— Work request —
First find the line with "Colors, Future! Summit" in the entries below, then set down exactly every line through the line with "Personalised Blue Stitch", that line included.

━━━━━ Material to process

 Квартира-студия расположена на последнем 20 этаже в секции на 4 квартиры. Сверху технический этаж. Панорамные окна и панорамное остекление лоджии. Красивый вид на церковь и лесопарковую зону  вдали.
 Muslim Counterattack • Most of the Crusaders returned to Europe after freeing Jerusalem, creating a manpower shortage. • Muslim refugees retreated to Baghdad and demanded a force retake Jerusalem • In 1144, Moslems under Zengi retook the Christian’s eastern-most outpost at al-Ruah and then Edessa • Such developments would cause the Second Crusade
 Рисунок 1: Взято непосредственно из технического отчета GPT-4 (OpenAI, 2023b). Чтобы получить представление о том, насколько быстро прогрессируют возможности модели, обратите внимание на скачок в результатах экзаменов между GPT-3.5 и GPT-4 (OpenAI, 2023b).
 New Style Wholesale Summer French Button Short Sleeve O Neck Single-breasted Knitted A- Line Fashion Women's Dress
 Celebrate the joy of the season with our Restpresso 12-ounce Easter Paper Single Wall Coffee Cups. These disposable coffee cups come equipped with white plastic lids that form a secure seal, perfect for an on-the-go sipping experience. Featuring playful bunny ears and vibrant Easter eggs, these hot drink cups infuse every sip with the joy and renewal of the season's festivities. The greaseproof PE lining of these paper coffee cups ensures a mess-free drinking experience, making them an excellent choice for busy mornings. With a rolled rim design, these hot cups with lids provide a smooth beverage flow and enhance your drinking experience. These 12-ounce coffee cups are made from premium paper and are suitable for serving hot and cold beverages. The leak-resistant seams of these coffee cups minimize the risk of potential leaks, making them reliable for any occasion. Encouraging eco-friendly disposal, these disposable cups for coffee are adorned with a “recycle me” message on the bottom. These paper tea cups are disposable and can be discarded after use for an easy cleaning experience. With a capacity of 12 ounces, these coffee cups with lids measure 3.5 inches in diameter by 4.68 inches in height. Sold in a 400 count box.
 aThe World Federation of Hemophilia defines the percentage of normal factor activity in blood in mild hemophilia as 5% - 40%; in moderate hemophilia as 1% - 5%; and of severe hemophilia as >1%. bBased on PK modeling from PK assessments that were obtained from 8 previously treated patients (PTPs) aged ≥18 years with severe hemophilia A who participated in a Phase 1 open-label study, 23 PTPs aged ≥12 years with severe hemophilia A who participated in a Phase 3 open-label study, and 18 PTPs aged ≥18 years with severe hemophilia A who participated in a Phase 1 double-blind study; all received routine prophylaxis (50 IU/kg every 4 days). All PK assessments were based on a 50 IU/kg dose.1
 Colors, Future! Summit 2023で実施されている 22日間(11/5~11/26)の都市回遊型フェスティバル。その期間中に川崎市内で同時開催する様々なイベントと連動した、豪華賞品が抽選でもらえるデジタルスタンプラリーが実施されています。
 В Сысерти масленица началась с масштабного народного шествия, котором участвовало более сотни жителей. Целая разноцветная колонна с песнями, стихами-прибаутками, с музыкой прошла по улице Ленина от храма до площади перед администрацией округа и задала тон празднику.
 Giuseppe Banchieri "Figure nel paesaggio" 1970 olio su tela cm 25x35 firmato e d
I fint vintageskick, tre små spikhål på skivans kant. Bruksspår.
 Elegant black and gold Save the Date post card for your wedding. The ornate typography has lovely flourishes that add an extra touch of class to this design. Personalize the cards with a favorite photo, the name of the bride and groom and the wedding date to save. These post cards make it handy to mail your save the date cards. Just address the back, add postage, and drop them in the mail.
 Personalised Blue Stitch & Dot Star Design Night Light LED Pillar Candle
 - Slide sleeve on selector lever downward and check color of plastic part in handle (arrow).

━━━━━━━━━━

— Reply —
 Colors, Future! Summit 2023で実施されている 22日間(11/5~11/26)の都市回遊型フェスティバル。その期間中に川崎市内で同時開催する様々なイベントと連動した、豪華賞品が抽選でもらえるデジタルスタンプラリーが実施されています。
 В Сысерти масленица началась с масштабного народного шествия, котором участвовало более сотни жителей. Целая разноцветная колонна с песнями, стихами-прибаутками, с музыкой прошла по улице Ленина от храма до площади перед администрацией округа и задала тон празднику.
 Giuseppe Banchieri "Figure nel paesaggio" 1970 olio su tela cm 25x35 firmato e d
I fint vintageskick, tre små spikhål på skivans kant. Bruksspår.
 Elegant black and gold Save the Date post card for your wedding. The ornate typography has lovely flourishes that add an extra touch of class to this design. Personalize the cards with a favorite photo, the name of the bride and groom and the wedding date to save. These post cards make it handy to mail your save the date cards. Just address the back, add postage, and drop them in the mail.
 Personalised Blue Stitch & Dot Star Design Night Light LED Pillar Candle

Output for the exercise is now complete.